PS.  The idea of publishing this information to a wiki seems a little
ad-hoc, wouldn't it be better to put things under a dvcs (like git)
and then publish based on that?




Re: (Resent) Documentation - Reference to MSDN?

2010-07-01 Thread James McKenzie

Dmitry Timoshkov wrote:

Max TenEyck Woodbury m...@mtew.isa-geek.net wrote:

  

I created the top page as a table and populated it with all the
directory entries in the 'dll' directory. Somebody immediately deleted
it. WTF?



Creating a MSDN clone does not belong to the Wine project.

  

Dmitry:

I think you completely miss what this is all about.  We are NOT creating 
an MSDN 'clone'.  Maybe a cleaned up duplicate of soared.org.  We do 
need to annotate, in one location, the project's findings and code that 
is pending implementation that was acquired through research of existing 
resources and validation through blackbox testing.

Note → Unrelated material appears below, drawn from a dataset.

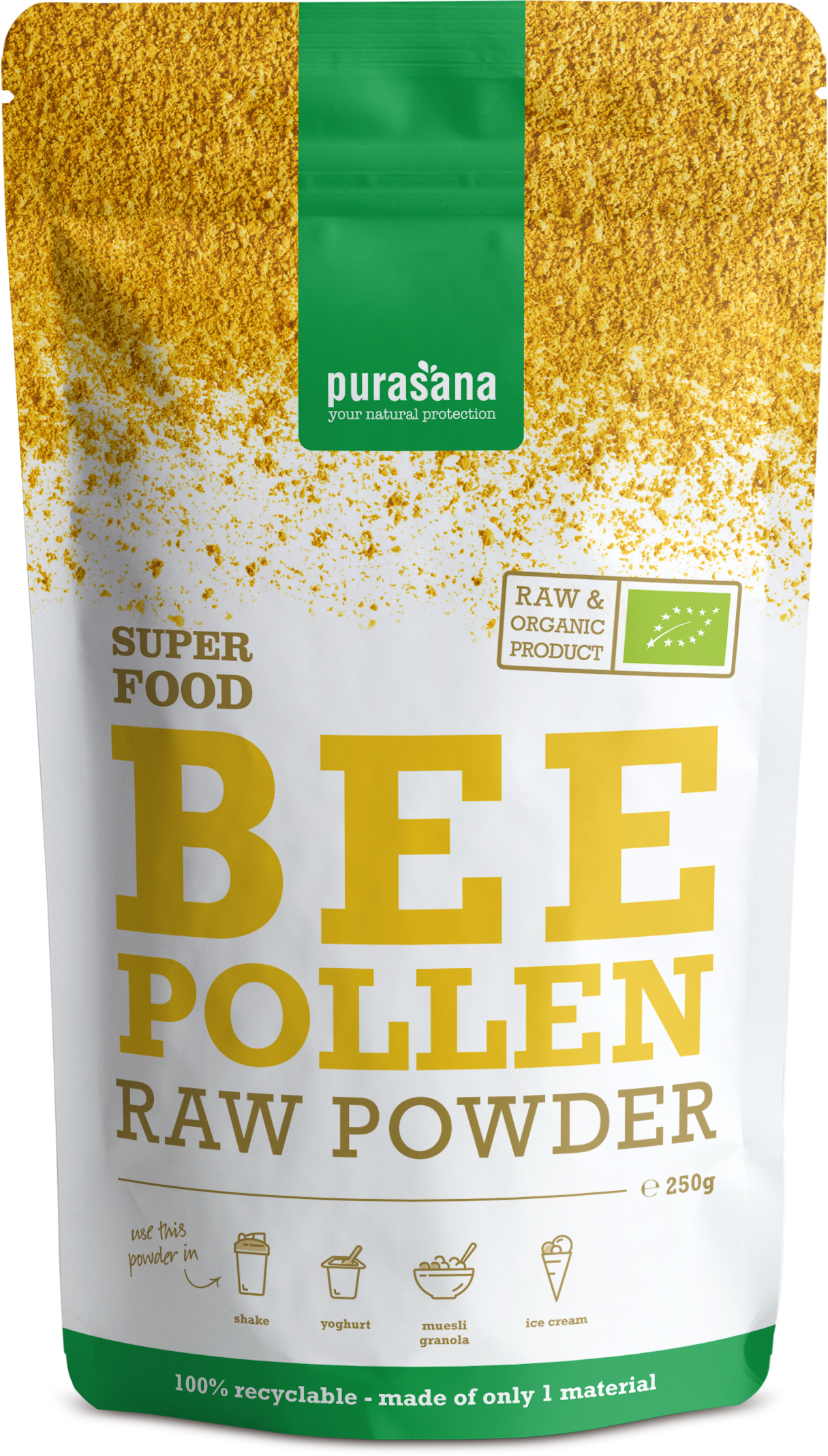 Purasana Organic Flower Pollen är blompollen som samlats in av bin: Bina blandar de mikroskopiska fröna med sin nektar för att få fram små bollar - pollen. Högst 50 % av pollenet samlas vid ingången till kupan. Detta garanterar att det fortfarande finns tillräckligt mycket kvar för bipopulationen. På grund av de många vilda blommorna på de spanska fälten är Purasana-pollen från Spanien bland de renaste och mest högkvalitativa bi-pollenerna. Bipollen innehåller viktiga aminosyror och är rikt på B-vitaminer.

It is NOT our purpose to provide sample code or anything like it.   That 
is what MSDN is there for.  To assist Microsoft Developers working with 
Windows products to produce Windows programs.  Not to assist or aid any 
others in the pursuit of a 'look alike' API that just happens to run on 
UNIXy operating systems.


I agree with Alexandre, we don't need to hijack the wiki for Wine to do 
this.  Maybe we do need another wiki site that is separate from but 
equal to the current wiki, but for Wine developers/hackers only and 
their efforts to improve upon current Wine project efforts.


James McKenzie





(Resent) Documentation - Reference to MSDN?

2010-06-30 Thread Max TenEyck Woodbury

I've been reading the Wine code and noticed that some of the external
interfaces are practically undocumented. I did a web search on some of
the names and found descriptions in MSDN.

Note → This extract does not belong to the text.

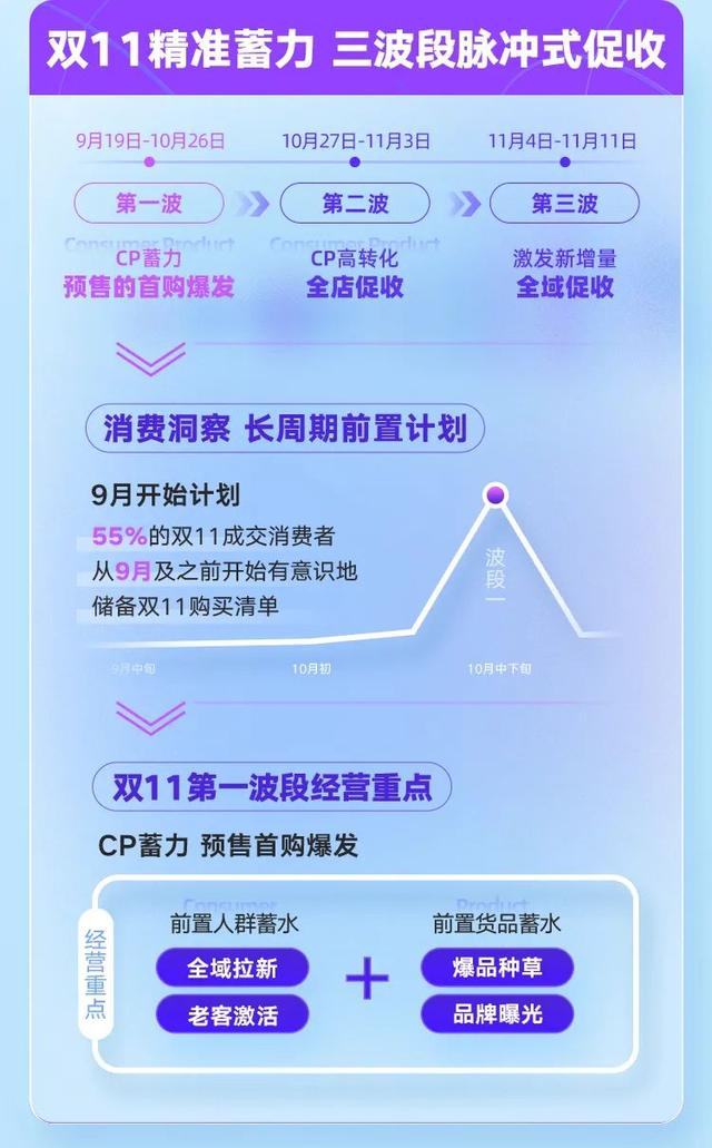 從品牌商家、電商平臺到經(jīng)營工具,都開始更看重人和貨運營的長效價值。今年雙11,阿里媽媽將最后雙11長周期的運營節(jié)奏,切分出三個階段:1、9月19日-10月26日,也就是現(xiàn)階段,聚焦人貨蓄水,通過全域種草、擴充流量池子,讓貨品觸達更多潛在客群;2、10月27日-11月3日,加速人群流轉(zhuǎn),調(diào)整貨品結(jié)構(gòu),通過多次觸達、權(quán)益預(yù)告和拉新入會等方式喚醒蓄水人群;3、11月4日-11月11日,跨品類滲透、帶動動銷找到更多機會點。

I realize that copying the information from MSDN directly into the code
is a poor idea  (like copyright violation) so I have a couple of
questions:

1) Would including the URL of the MSDN article be useful/a good idea?

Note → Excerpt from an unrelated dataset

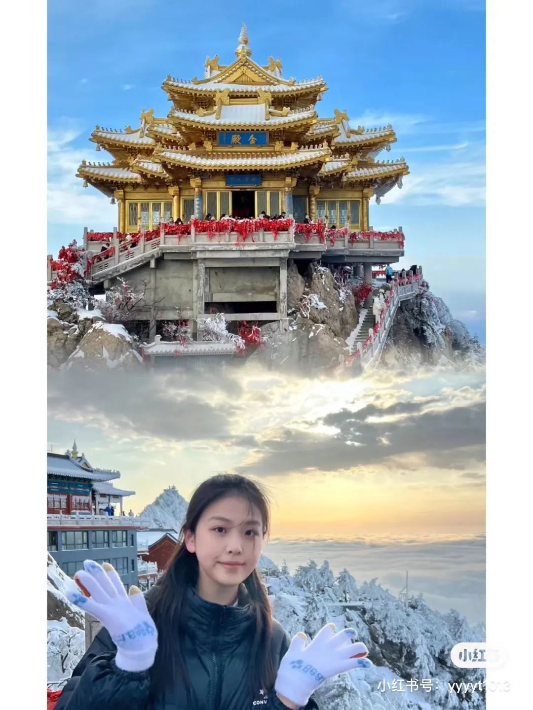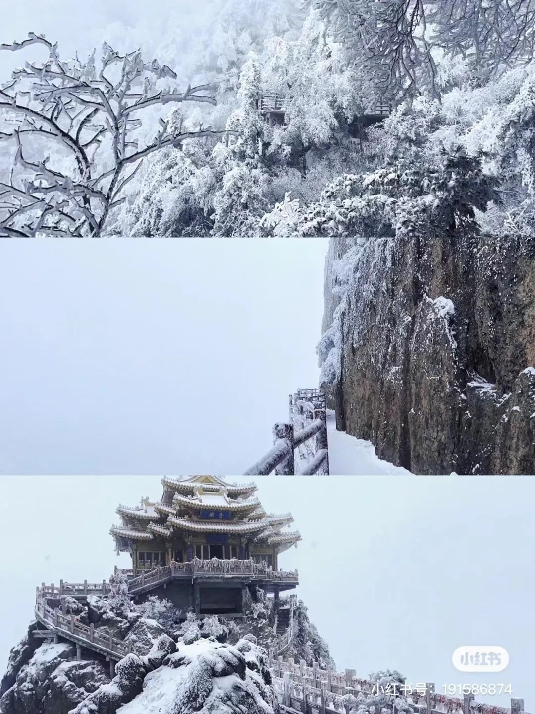 來(lái)自(zì)小(xiǎo)紅(hóng)書(shū)博主 @jujuzey 下(xià)雪(xuě)霧很($hěn)大(dà)看(kàn)不(bù)清金(jīn)頂,但(dàn)是(shì)沿路(lù)雪(xuě)景真的(de)很(hěn)美(měi)。

2) Would enumerating coded values and flags be allowed?

3) Where should data structures be documented?




Re: (Resent) Documentation - Reference to MSDN?

2010-06-30 Thread Juan Lang
Hi Max,

 1) Would including the URL of the MSDN article be useful/a good idea?

No.  MSDN is in the habit of changing its URLs all too frequently.

A more general response:  I'm not sure that a lot of documentation
patches will be accepted.  MSDN has to be considered the definitive
resource for the Windows API.  It's often incorrect, of course, and
our regression tests aim to ameliorate the inaccuracy, but we probably
have enough work implementing the Windows API without taking on the
task of documenting it too.
--Juan




Re: (Resent) Documentation - Reference to MSDN?

2010-06-30 Thread André Hentschel
Am 30.06.2010 19:25, schrieb Max TenEyck Woodbury:
 I've been reading the Wine code and noticed that some of the external
 interfaces are practically undocumented. I did a web search on some of
 the names and found descriptions in MSDN.
 
 I realize that copying the information from MSDN directly into the code
 is a poor idea  (like copyright violation) so I have a couple of
 questions:
 
 1) Would including the URL of the MSDN article be useful/a good idea?

Might be a bad idea as such URL may be dead in 12 Month or so, but it is not 
forbidden.

 2) Would enumerating coded values and flags be allowed?

That is the best solution i think.

-- 

Best Regards, André Hentschel




Re: (Resent) Documentation - Reference to MSDN?

2010-06-30 Thread Owen Rudge

No.  MSDN is in the habit of changing its URLs all too frequently.


For what it's worth, while MSDN seems to like changing its URLs a lot, 
it does seem to be quite good at maintaining forwarders for the old URLs 
- most API documentation URLs I've randomly found from 5 years ago still 
work, for instance. But I agree that it's probably not worth including 
them in Wine's documentation.


--
Owen Rudge
http://www.owenrudge.net/




Re: (Resent) Documentation - Reference to MSDN?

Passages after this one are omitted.